1. Ahimsa: An ascetic must most anxiously try not to kill or to injure any living being even unintentionally.
2. Astaya: He has to examine all his words most accurately so that he does not say anything false even unintentionally or in joke.
3. Asteya: He should not only take anything that is not given to him but he must ask for permission to take it when something is offered to him.
4. Brahmacharya: He should not only observe complete celibacy, but he should also avoid all thoughts and con-sexual things and avoid everything that could lead him into temptation.
5. Aparigraha: He should give up all possessions and be indifferent to everything that is worldly, both persons and things.
Each one of these vows is supported by each of the five others. Constantly remembering them and heeding them enables an ascetic to observe the "Mahavratas".

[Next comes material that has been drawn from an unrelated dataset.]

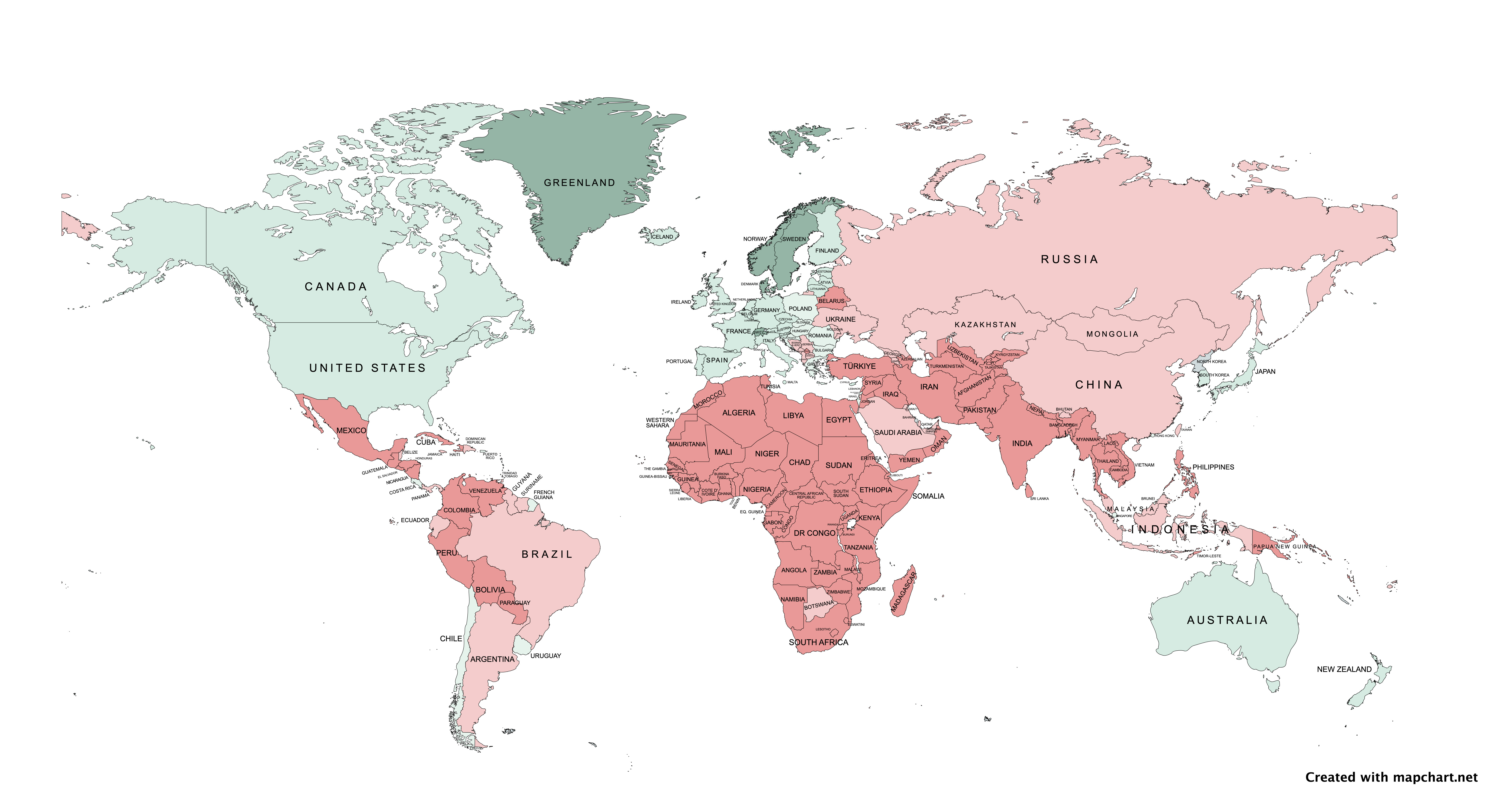 Freedom House and V-DEM (35% of the total score). These organizations score countries on democracy, rights, and human freedoms. Freedom House tracks 25 metrics relevant to political rights and civil liberties, but not in a very granular way—if countries have elections, they tick that checkbox. V-DEM tracks six metrics but goes deep on them—is decline caused by courts, media, elections, or civil society? I averaged these two indices together, but gave 60% of the weight to V-DEM as it’s the more granular and authoritative source.

Asceticism, no doubt, demands renunciation of all possession, but Swetambara Sect, allows ascetics to wear particular clothes consisting of a white upper and lower garment. The monk is usually provided with a few wooden dishes and pots which he uses to collect food and drink, a piece of cloth with which he filters water before drinking it another piece of cloth which he often (Sthanakavasis do it constantly) wears in front of the mouth to obstruct gulping of air-creatures, a broom or a brush with which he sweeps the insects on his way so that he does not harm them and a (walking) staff.
An ascetic must renounce all comforts. He begs for his food from Jain laymen; he should not take alms from those who are not Jains. Begging should be done only once a day and has to follow certain rules.
According to the strict doctrine of Lord Mahavira, ascetics should live in a village only for one day and only five days in a city; later this rule was extended in such a way that they could stay at the most for a week in a village and a month in a city. But during rainy season they must give up their wandering life and stay at one place so that they do not do any harm to living beings.
The life of ascetics and nuns is regulated to the minutest detail by a great number of precepts which, are meant to protect them from immodesty and worldly disposition and to keep them to a life of abstinence which is dedicated to the exercise of penance and studies.